The only convulsion the bombing was to produce was on British and American bomber bases in England. In 1943 joint air losses had almost reached the unacceptable point. The Ger­mans had regeared their defenses against night-and-day air attacks. A large proportion of their armament production had been shifted to antiaircraft guns of all caliber, their fighters were excellent, new radar was in use, and the entire northwest region had been formed into box defense zones in which their fighter planes moved by zone according to the attack; if the Allied raid was a deep penetration inland, the invading air fleet would be passed from zone to zone by fighters that would always have sufficient gasoline to remain in the air until the bombers passed through their zone to the next German fighter squadrons. The bombers ran a gauntlet of fire from the ground and attack from the air, continuous and unrelenting, both to and from a target. So severe was the strain on the crews that an airman who survived 25 missions in 1943 was free to return to the United States.
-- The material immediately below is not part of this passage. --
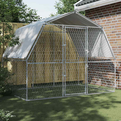 Dog Cage with Roof and Door Silver Galvanised Steel

Early in 1943 a small group of American war correspondents volunteered to be trained for flying with the B-17s in their mis­sions over Germany. This was intended by the U.S. Eighth Air Force to communicate to Americans back in the States the eyewitness story of these air battles and the bravery of their sons. I was one of these trainees, representing CBS News. There were also Walter Cronkite, then of United Press, Gladwin Hill of Associated Press and later of the New York Times, Robert Post of the New York Times, Homer Bigart of the New York Herald Tribune, William Wade of International News Service, Sergeant Scott Denton of Yank, and Sergeant Andy Rooney of Stars and Stripes. As a jocular takeoff of World War I's "Fight­ing 69th," we were referred to as "the Writing 69th" by Colonel Jock Whitney, a peacetime publisher and financier, and Colonel Mac Kriendler of 21 Club fame, who were among those of the Eighth Air Force who had sold the concept to General Ira Eaker. We were sent to gunnery school in England, where we learned to identify all German fighter planes and to strip down and reassemble within 40 seconds the Browning machine guns used in the B-17s and Liberators. This was essential knowledge, for seconds saved in fixing the stoppage in a malfunctioning machine gun could be the difference between life and death. We were not flying as excess baggage but as gunners first, war reporters second. Over Wilhelmshaven, on our first mission, I shot down a Messerschmitt fighter that had come right at us from the front where I was acting nose-gunner. On the same mission, Bob Post's Liberator came apart in midair from the combined flak from the ground and cannon fire from attacking German fighters. In his plane, none survived.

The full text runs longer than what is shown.